Thanks, to everybody, who’s helped make my site successful, and has made my modelling far more fun and interesting than I’d have ever thought possible. Just like this van, you all rock!

*https://adamrehorn.wordpress.com/revell-1-16-movin-out-big-rig-street-van-oob/*


----------



## aussiemuscle308 (Dec 2, 2014)

Cool review. you make it sound delicious. what the hell are those rims?


----------



## Faust (Dec 1, 2012)

aussiemuscle308 said:


> Cool review. you make it sound delicious. what the hell are those rims?



Yeah, it's plenty tasty-looking!

I think the wheels are from a pre-done diecast, maybe something in the "DUBS" series... I agree they suck. WHy someone took the originals, and replaced them with these, I can never even start to guess.

My Uncle has a 1/15 '57 vette he's not using... it has GTA-like wiry wheels it could donate. They might do the trick!


----------



## Richard Baker (Aug 8, 2006)

That looks like a real fun build- a great size for detail!

Strange- part of me wants to build the kit stock but replace the western style interior with something along the lines of a Trek shuttlecraft

I do hope when you build this kit you can post pictures of the completed project


----------



## Milton Fox Racing (May 27, 2014)

Congrates on 250k and the 500k to come. :cheers2:


----------



## Faust (Dec 1, 2012)

Thanks a lot guys! 

So long as there are people out there who support the site, and there are kits to build, then it'll just keep on rollin'! 

Man, that Trek shuttlecraft idea is totally outside the box! What a great idea!! I will build mine "stock" (i.e. to the box) but I'd LOVE to see one done like that, Richard! 
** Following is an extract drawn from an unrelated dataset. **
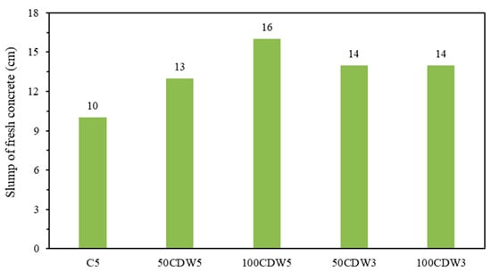When the water/cement ratio decreased to 0.3, the superplasticizer was used to justify the slump in the concrete. The 1% superplasticizer achieved a slump of concrete between 13 and 16 cm. At this time, comparing the concrete with a water/cement of 0.5, the slump of concrete with 50% and 100% CDW increased by 7.7% and decreased by 12.5%, respectively.

If I ever get the guts to build this guy, I'll keep you guys in the loop for sure!


----------



## Zombie_61 (Apr 21, 2004)

This is one "out there" design that Chevy should have actually produced, especially during the '70s when "trucker" movies were so popular.


----------



## Fury3 (Jan 18, 2003)

I had this kit some....30 plus years ago...talk about nostalgia.


----------



## Faust (Dec 1, 2012)

Zombie_61 said:


> This is one "out there" design that Chevy should have actually produced, especially during the '70s when "trucker" movies were so popular.


Oh, man... good point! They could have used it in a movie, to be an ultimate tie-in, like the Starsky and Hutch Torino.

I can see it now, it would be like combining the Bandit's T/A with Snowman's rig! I guess that would make it "Smokey and the Vandit"? You could add an oh-so-70's Mexican element and call the movie "El Vandito", and have it about him smuggling "goods" across the border. Hmm...

Of course, you'd never fit an elephant in there for the sequel. Wait... maybe that's better.


----------



## RS3 (Jun 16, 2013)

...The ultimate fodder for a Cannonball Run machine!


----------